IF 2.1 2区 社会学 Q2 POLITICAL SCIENCE Pub Date : 2022-12-02 DOI: 10.1177/10659129221142598
Laura Huber, Anna Gunderson
As the public, policymakers, and scholars increasingly call for police reform, one commonly proposed solution is to increase the number of female officers and leaders under the assumption that female police will be perceived as more trustworthy, less violent, and more effective at addressing gendered crimes. Using a survey experiment, we explore whether there is a link between passive representation in police leadership and civilians’ perceptions of substantive representation by the police. We argue that due to feminine stereotypes and role congruity theory, female police chiefs should be perceived as more effective at addressing gendered crimes, corruption, police brutality, and community relations, but be evaluated as less competent on addressing violent crimes. We find that female police chiefs are considered to be more competent at handling gendered crimes (with little relationship with non-gendered crimes), and are viewed as more able to address corruption, police brutality, and community relations. Female police chiefs are also more likely to receive higher levels of overall support. We emphasize that our study points to the importance of passive representation within police leadership, but caution that increasing women’s representation may be a necessary, but not sufficient condition to improve relations between the public and the police.
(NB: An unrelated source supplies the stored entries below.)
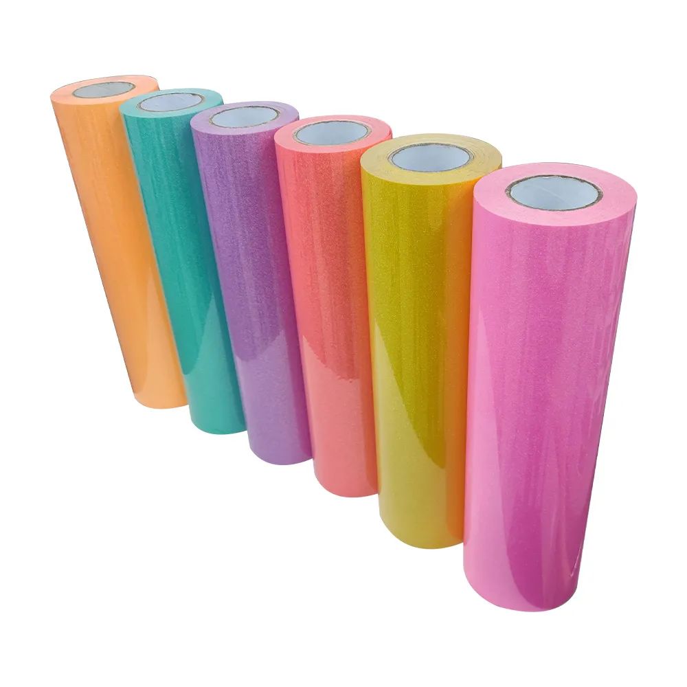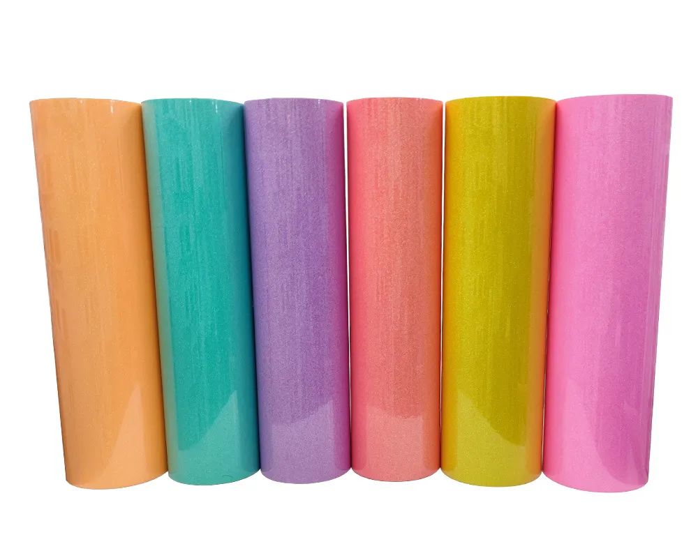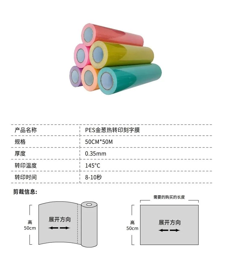 金葱刻字膜产品立体感非常好,金葱粉均匀细致,闪光效果均匀,深受大多数人喜欢。具有闪亮效果,该产品需要与电脑刻字机及烫画机配套使用,非常方便,可由自己的喜好或客户要求选择色彩,以增加承应物的丰富性和变化性,具有优越的洗水色牢度及胶粘牢度,且手感极佳,柔软不开裂,有弹性,时尚环保!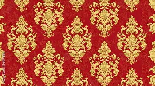 Golden Baroque Pattern on Red Background, Red , Baroque , Background
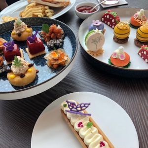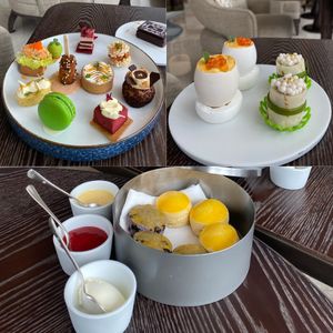 ホテルに入るとすぐにドアマンの方から声をかけられ、「アフタヌーンティー」と伝えるとラウンジまでの行き方を案内していただけました。少し早く到着してしまい、英語で何と伝えよう、と考えていたら、すぐに席を案内され、接客も親切でした。スイーツもセイボリーもバランスがよく、ありがちな甘ったるさもあまりなく、おいしく完食。眺めの良い席で雰囲気も落ち着いており、とても優雅な時間を過ごすことができました。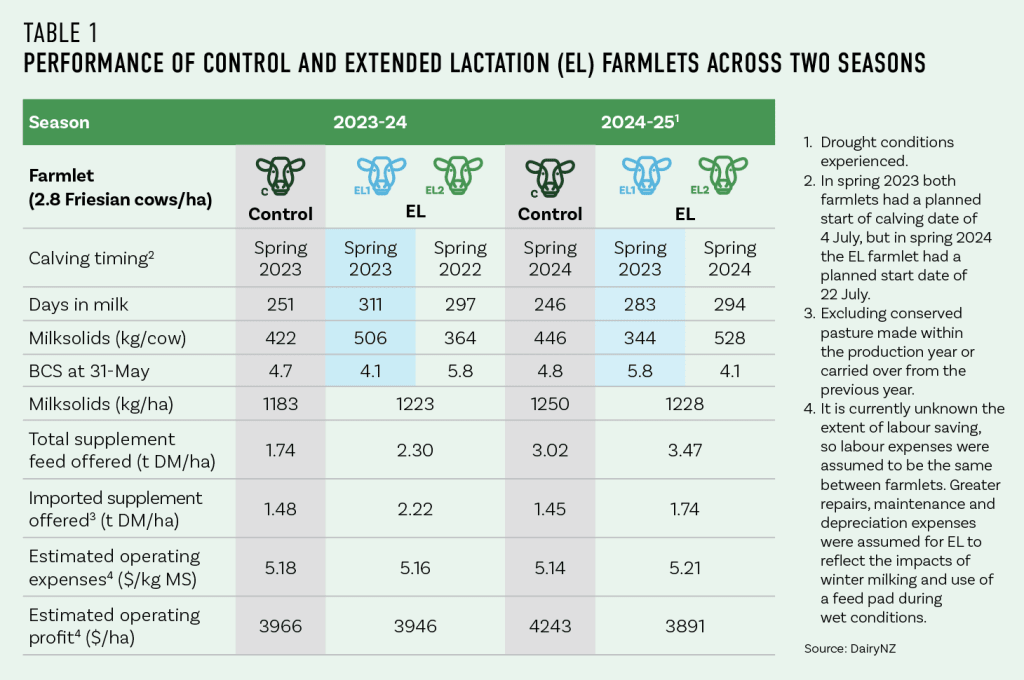 After two seasons, results show milksolids production, operating profit and sustainability were broadly similar between systems. But there were challenges. Keeping cows milking through winter required extra feed – about 180kg per cow in year one. In year two, researchers delayed calving and aimed to boost autumn pasture cover to reduce this need for supplement, but that reduced days in-milk and lowered profit. The trial has since returned to the same calving dates for both 12- and 24-month systems, with some extra winter feed now planned.
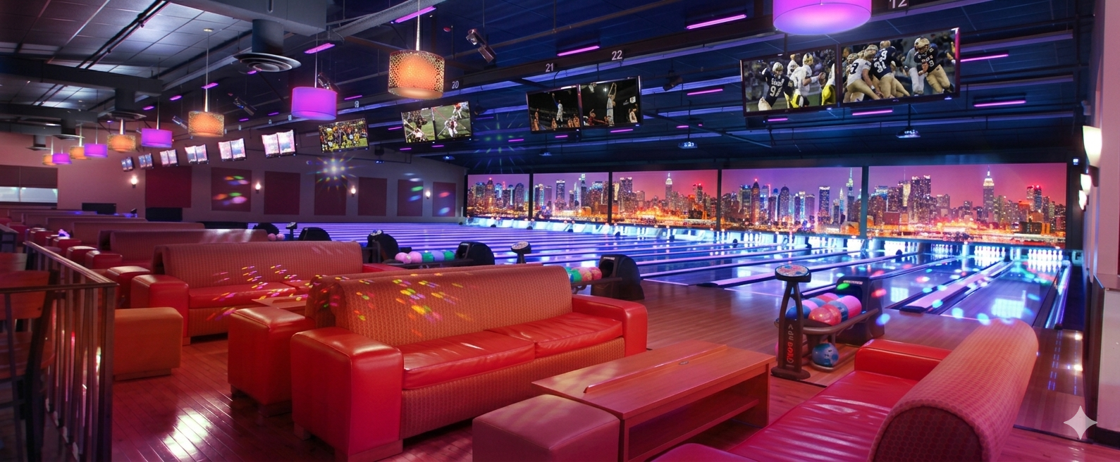 A completely upgraded bowling experience from floor to ceiling.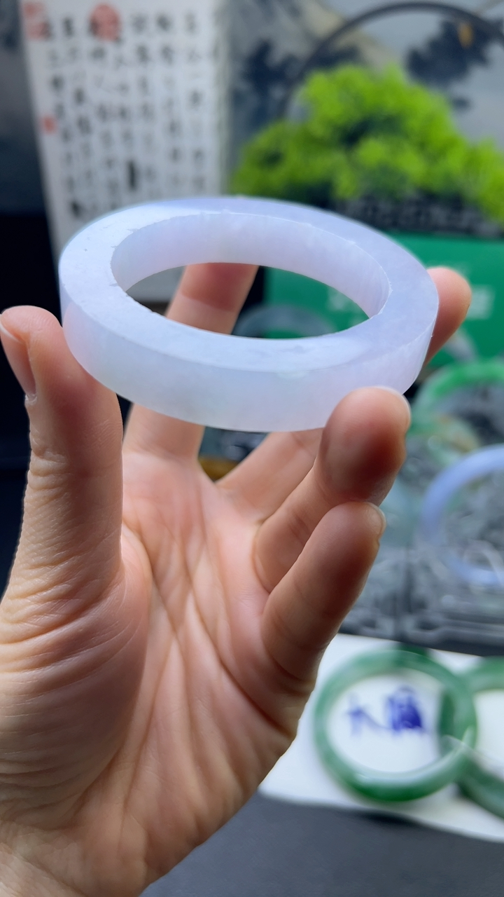 ee实拍59*12.6*9.6平安镯 天然缅甸翡翠冰胶飘绿玉手镯厚装宽边玉手环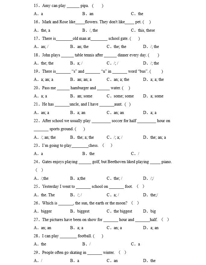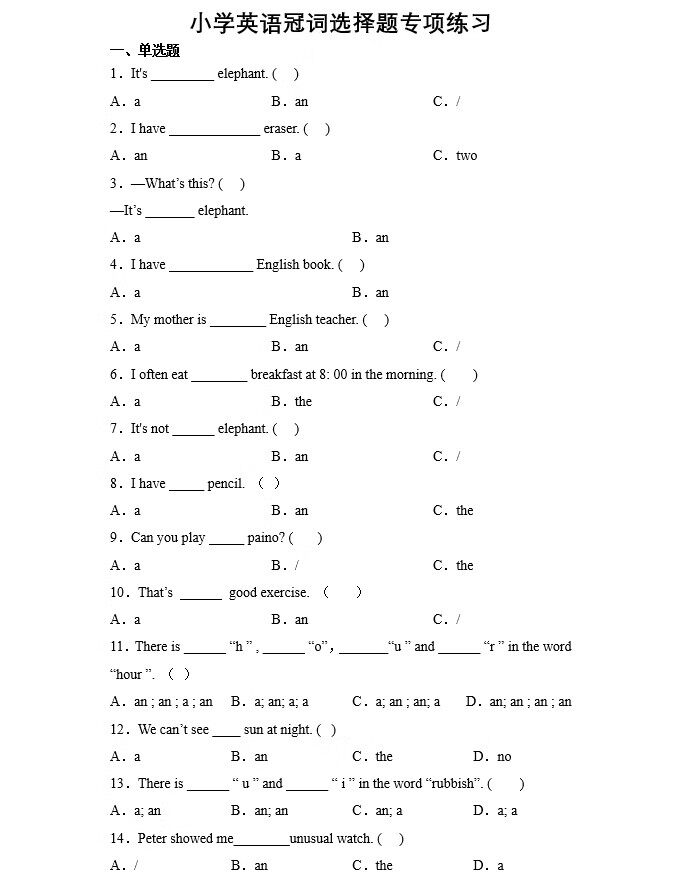您的位置:安康生态农业开发平台  >   >  小学英语三四五六年级冠词练习本选择题练习题不定零冠词专项训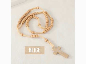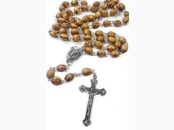 Vacker lång rosenkrans/radband av olivträd krucifix kors Jesus (NY)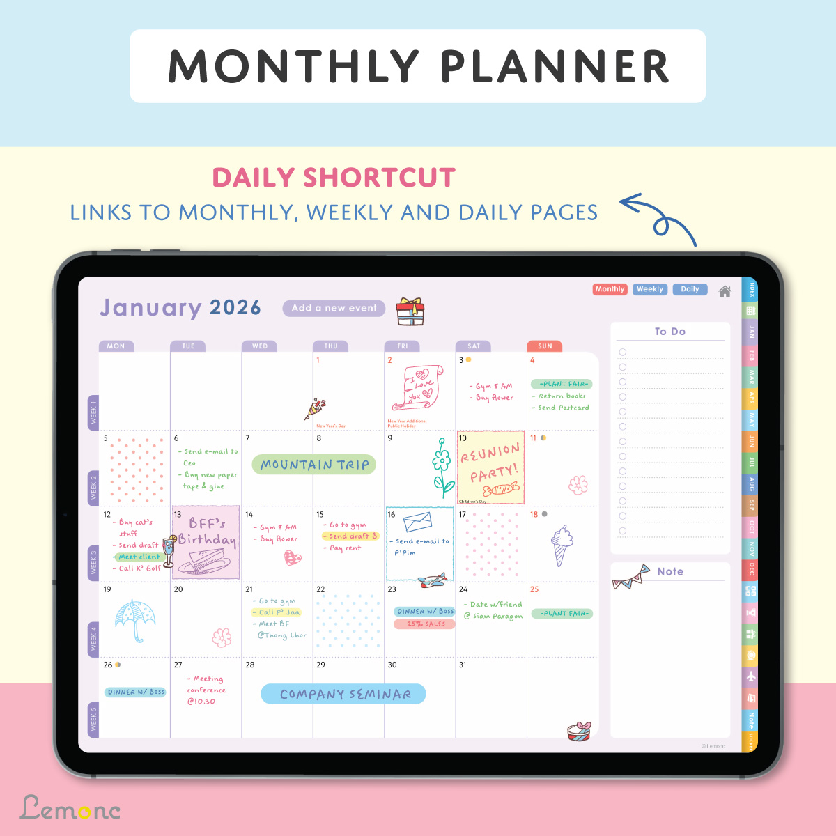 วางแผนปี 2026 ของคุณให้ดีที่สุดไปกับ Lemonc 2026 Digital Planner ดิจิทัลแพลนเนอร์ดีไซน์ครบฟังก์ชัน ที่ผสานความน่ารักและความเรียบง่ายไว้ในเล่มเดียว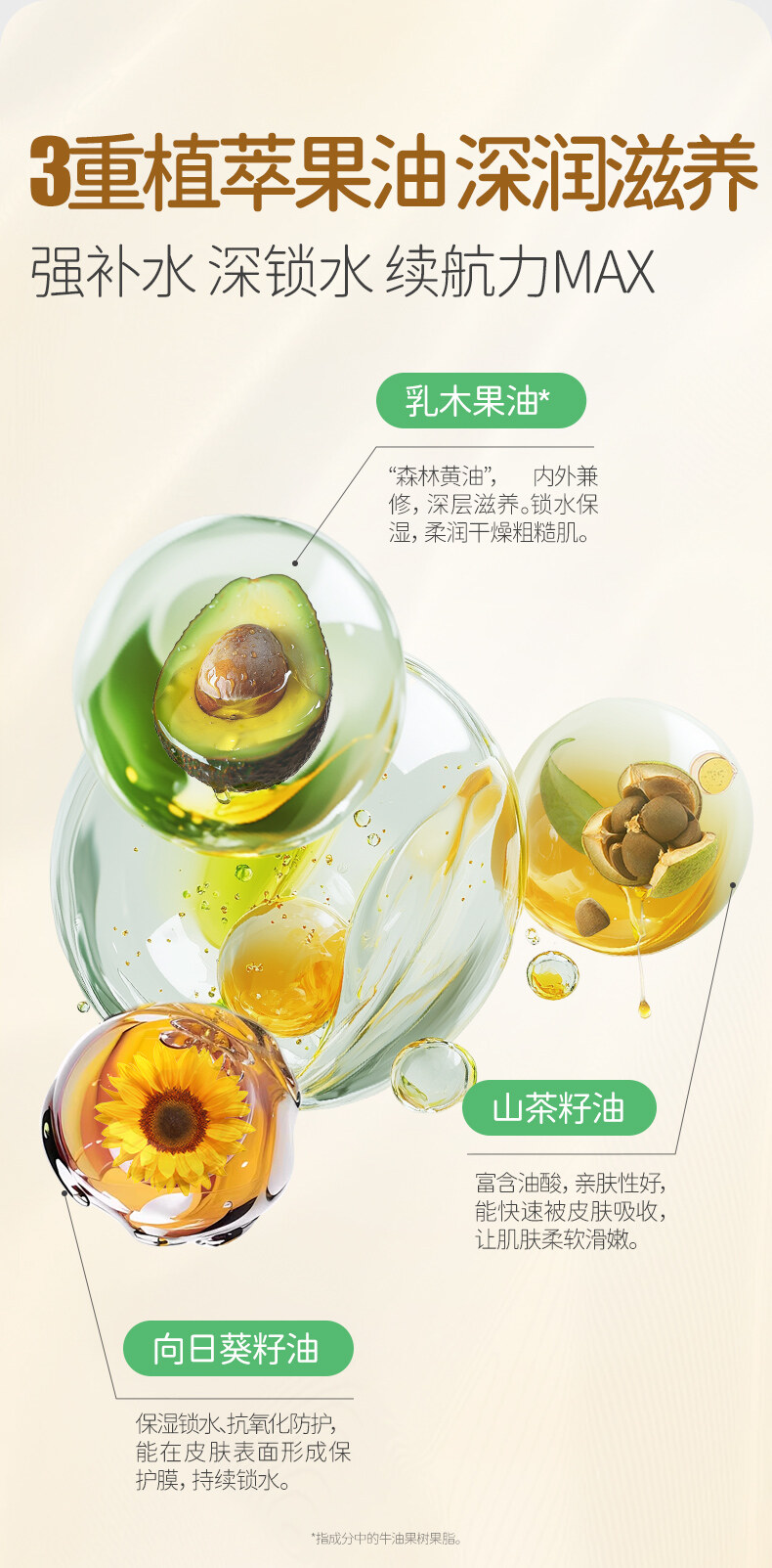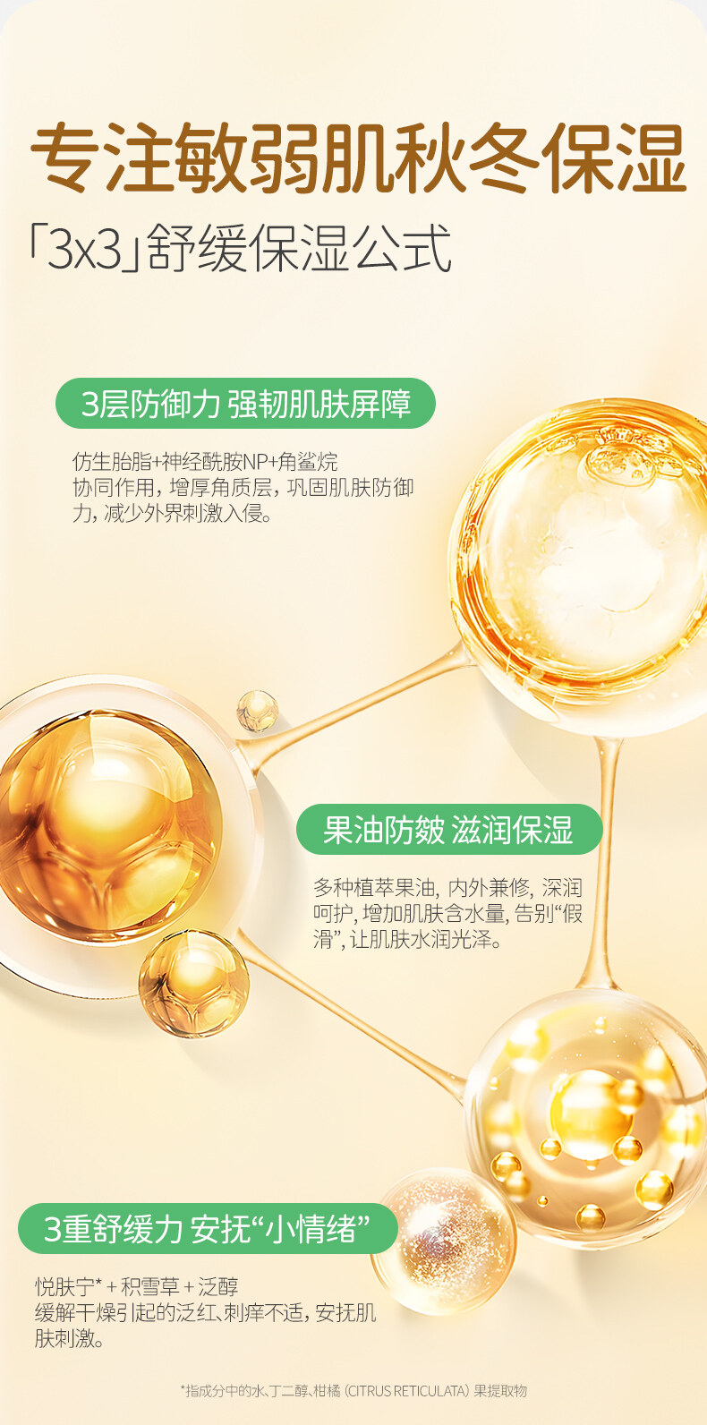 神经酰胺NP、积雪草叶提取物、角鲨烷、泛醇、牛油果树果脂、沙棘果油

随着公众、政策制定者和学者越来越多地呼吁警察改革,一种普遍提出的解决方案是增加女性警官和领导的数量,因为女性警察会被认为更值得信赖,更少暴力,在解决性别犯罪方面更有效。通过一项调查实验,我们探讨了警察领导中的被动代表与平民对警察实质性代表的看法之间是否存在联系。我们认为,由于女性刻板印象和角色一致性理论,女性警察局长应该被认为在处理性别犯罪、腐败、警察暴行和社区关系方面更有效,但在处理暴力犯罪方面被认为能力较差。我们发现,女性警察局长被认为更有能力处理性别犯罪(与非性别犯罪关系不大),并被认为更有能力解决腐败、警察暴行和社区关系问题。女性警察局长也更有可能得到更高水平的总体支持。我们强调,我们的研究指出了警察领导层中被动代表的重要性,但也提醒说,增加女性代表可能是改善公众与警察关系的必要条件,但不是充分条件。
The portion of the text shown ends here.